"Oh, I don't give a damn for no damn man that don't give a damn for me!"

Blenham understood and scowled at him; Bill Royce's hesitant soul may have drawn comfort and strength from a sympathy wordlessly expressed. At any rate his reply came suddenly now:

"I've took a good deal off'n you, Blenham," he said quietly. "I'd be glad to take all I could. But a man can't stand everything, no, not even for a absent pal. Like Barbee said, you know where you can go."

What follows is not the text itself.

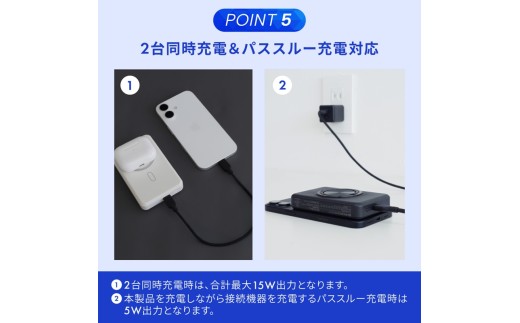 Qi2やMagSafe対応機器では最大15Wでマグネット吸着によるワイヤレス充電ができます。また、Qi2やMagSafe非対応のワイヤレス充電対応機器においても、機器に応じたワイヤレス充電が可能です。

Cookie Wilson gasped, his the sole audible comment upon an entirely novel situation. Barbee smiled delightedly. Blenham continued to frown, his scowl subtly altered from fierceness to wonder.

"You'll obey orders," he snapped shortly, "or——"

"I know," replied Royce heavily. "Go to it. All you got to do is fire me."

And now the pure wonder of the moment was that Blenham did not discharge Royce in three words. It was his turn for hesitation, for which there was no explanation forthcoming. Then, gripped by a rage which made him inarticulate,—he whirled upon Barbee.

Yellow-haired Barbee at the table promptly stood up, awaiting no second invitation to that look of Blenham's. Were one staging a morality play and in search of the personification of impertinence, he need look no farther than this cocksure youth. He was just at that age when one is determined that there shall be no mistake about his status in the matters of age and worldly experience; in short, something over twenty-one, when the male of the species takes it as the insult of insults to be misjudged a boy. His hair was short—Barbee always kept it close cropped—but for all that it persisted in curling, seeking to express itself in tight little rings everywhere; his eyes were very blue and very innocent, like a young girl's—and he was, all in all, just about as good-for-nothing a young rogue as you could find in a ten days' ride. Which is saying rather a good deal when it be understood that that ten days' ride may be through the cattle country back of San Juan.

"Goin' to eat me alive?" demanded Barbee lightly, "Or roast me first?"

"For two cents," said Blenham slowly, "I'd forget you're just a kid an' slap your face!"